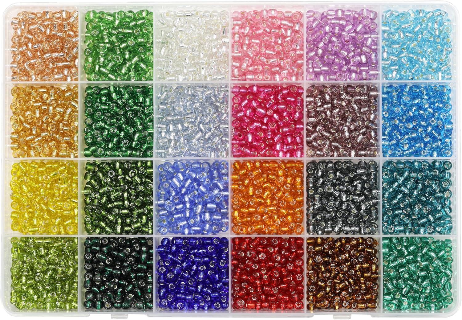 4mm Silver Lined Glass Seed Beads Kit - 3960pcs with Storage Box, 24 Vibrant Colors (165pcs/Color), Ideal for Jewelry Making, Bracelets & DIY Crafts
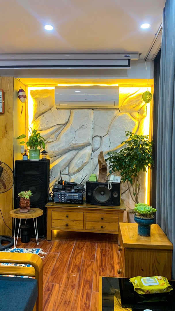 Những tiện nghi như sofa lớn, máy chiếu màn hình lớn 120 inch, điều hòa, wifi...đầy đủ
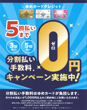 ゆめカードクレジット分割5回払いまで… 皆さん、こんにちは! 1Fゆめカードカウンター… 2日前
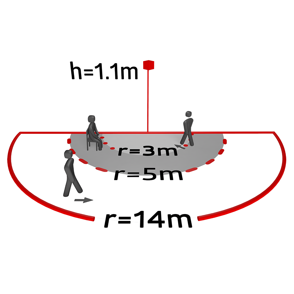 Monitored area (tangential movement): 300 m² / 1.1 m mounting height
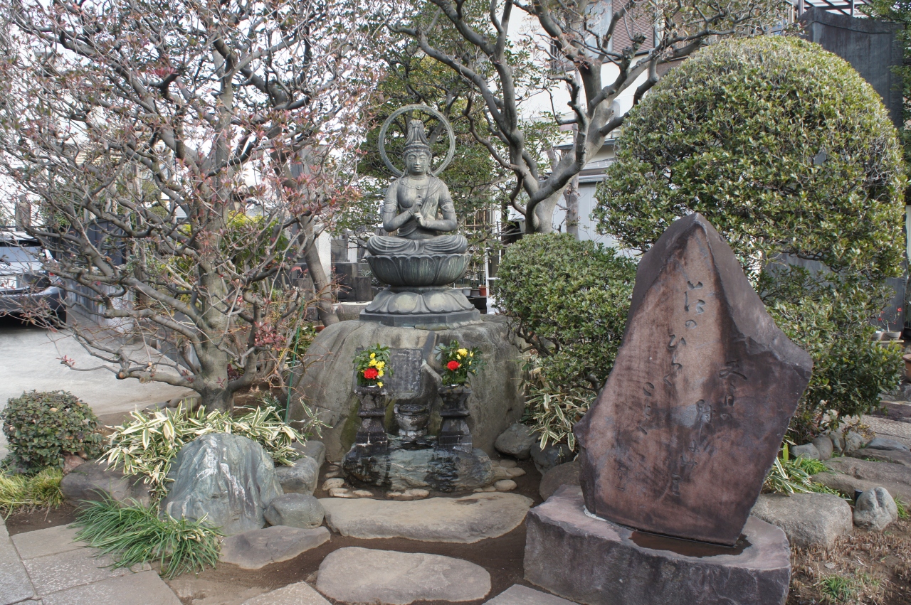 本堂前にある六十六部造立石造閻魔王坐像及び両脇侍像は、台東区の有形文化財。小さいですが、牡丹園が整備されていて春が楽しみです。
_ _ _ _
- **What to do**
Please print the records above word for word, leaving every image out.

- **Response**
 4mm Silver Lined Glass Seed Beads Kit - 3960pcs with Storage Box, 24 Vibrant Colors (165pcs/Color), Ideal for Jewelry Making, Bracelets & DIY Crafts
 Những tiện nghi như sofa lớn, máy chiếu màn hình lớn 120 inch, điều hòa, wifi...đầy đủ
 ゆめカードクレジット分割5回払いまで… 皆さん、こんにちは! 1Fゆめカードカウンター… 2日前
 Monitored area (tangential movement): 300 m² / 1.1 m mounting height
 本堂前にある六十六部造立石造閻魔王坐像及び両脇侍像は、台東区の有形文化財。小さいですが、牡丹園が整備されていて春が楽しみです。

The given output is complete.